Across the nation, companies such as DISH, SuperShuttle, ThyssenKrupp Elevator and hundreds of school districts have experienced reduced fuel and operating costs while lowering their carbon footprint with propane autogas vehicles.[9]

ROUSH CleanTech's president Joe Thompson blogs about alternative fuels at Fuel for Thought.[10]

Plane crashes

On April 20, 2002, Roush almost lost his life when his private plane, an Aircam, went down in a lake in Troy, Alabama. Roush was underwater and unconscious, suffering from a concussion, when Larry Hicks, a retired Marine in a nearby boat, rescued Roush from under water, pulled him to safety, and administered CPR. Shortly afterwards, Roush was flown to UAB Hospital in Birmingham, Alabama, where he was treated for a head injury, broken ribs, and a shattered left leg. Hicks was injured as a result of the rescue, suffering cramps in both his arms and first degree chemical burns on his body from the fuel.[11]
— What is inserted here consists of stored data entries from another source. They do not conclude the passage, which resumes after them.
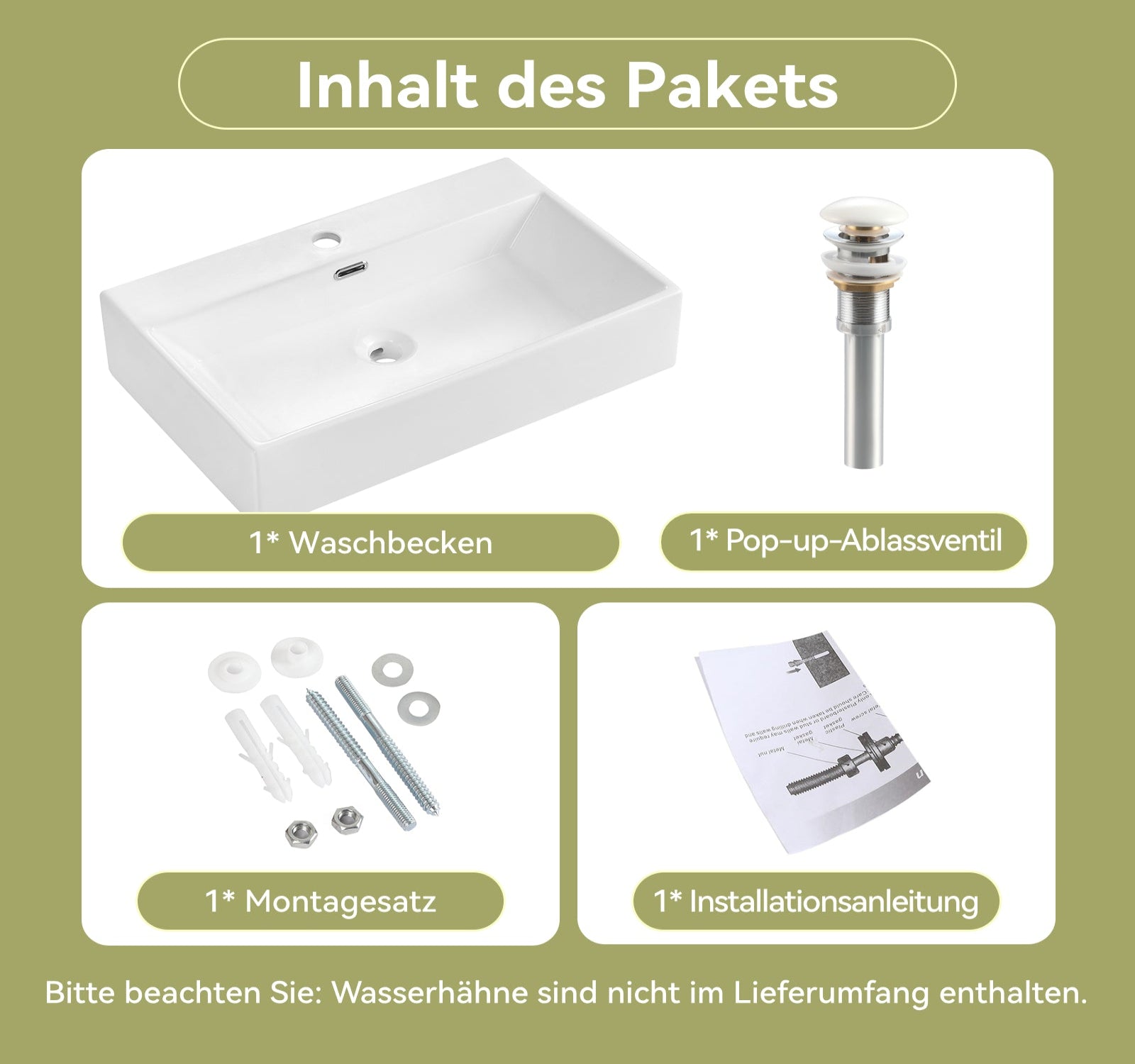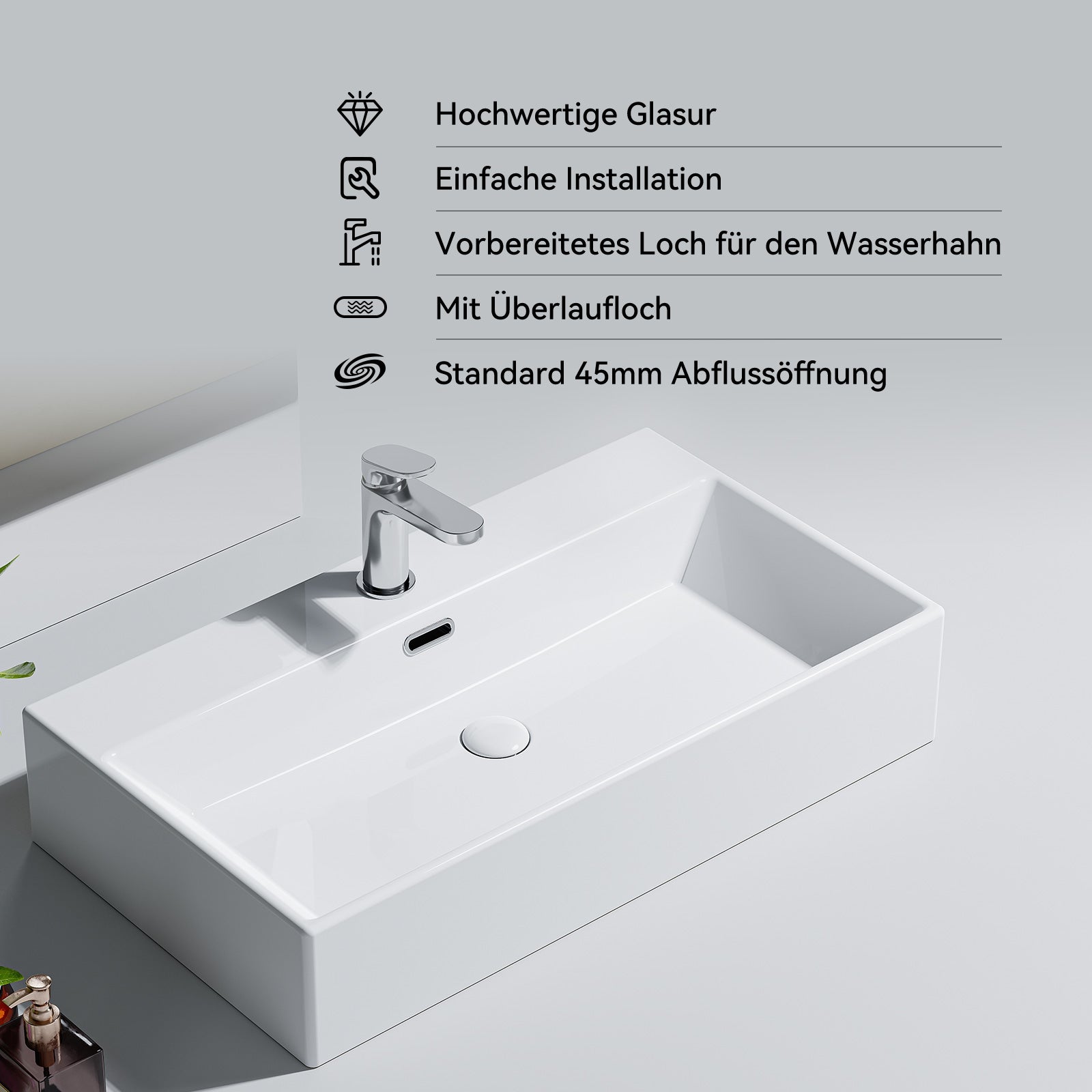 HOROW UV7542W Waschbecken 75 x 42 x 14 cm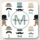 Ces somptueux chapeaux, moustaches et cravates d'arc sont mis en motif sur un arrière - plan blanc. Les couleurs sont turquoises, bleu clair, bronzées, marron et noir. Une bannière en cercle blanc au centre tient votre monogramme en bleu assorti et votre nom en noir à travers.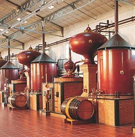 蒸馏器使用的是传统的“夏朗德”蒸馏工艺。夏朗德壶式蒸馏器的外形很有特点,有点像橄榄或者说洋葱,下面直接用火加热,上面伸出一根弯管连接到蛇形管,最后连到冷凝器。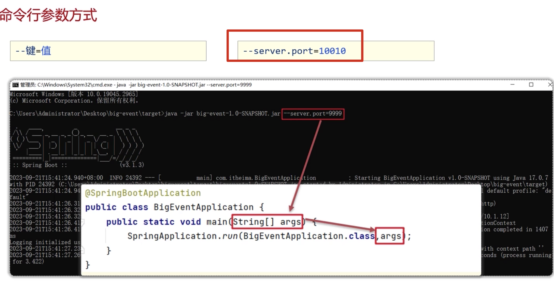 | 1 | 启动命令参数 | java -jar app.jar --server.port=9999 |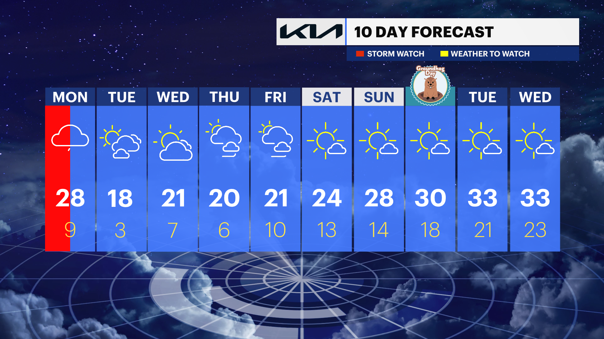 WEDNESDAY: Mostly sunny to cloudy. Highs: upper teens to low 20s. Lows: mid single digits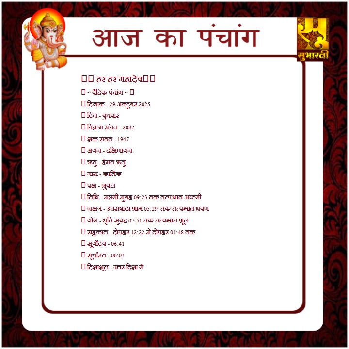 पंचांग राशिफल 29 अक्टूबर का पंचाग By demilation - October 29, 2025 0 92 Share Facebook Twitter Google+ Pinterest WhatsApp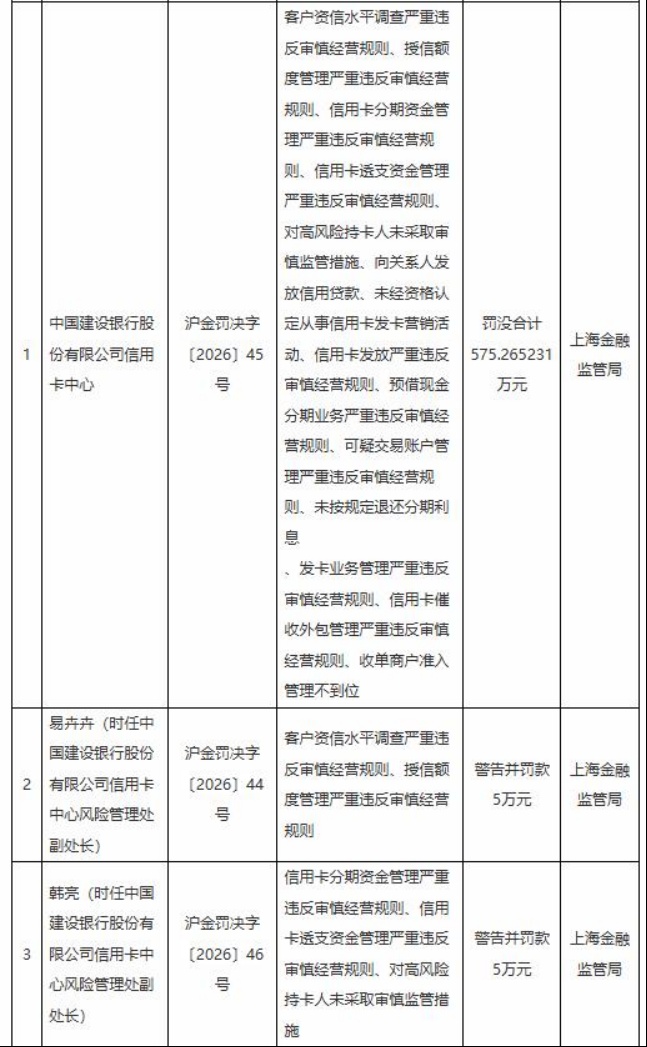 3月23日,国家金融监督管理总局上海监管分局发布的行政处罚信息显示,中国建设银行股份有限公司信用卡中心因14项违规被罚没合计575.265231万元。

On July 27, 2010, Roush crash-landed in his Hawker Beechcraft Premier 390 jet (registration N6JR) during an approach to the Experimental Aircraft Association (EAA) AirVenture Fly-In in Oshkosh, Wisconsin, in the late afternoon.[12] He walked out of the plane and was taken to a nearby hospital.[13] His condition was listed at serious but stable that evening. On August 3, Roush was upgraded to fair condition.[13] On August 13, Roush made his first at track appearance since the incident at the Michigan International Speedway. During that time he confirmed that he fractured his back, broke his jaw, and lost his left eye as a result.[14] The National Transportation Safety Board attributed the cause of the crash to pilot error, specifically, "pilot's decision not to advance the engines to takeoff power during the go-around, as stipulated by the airplane flight manual, which resulted in an aerodynamic stall at a low altitude."[15]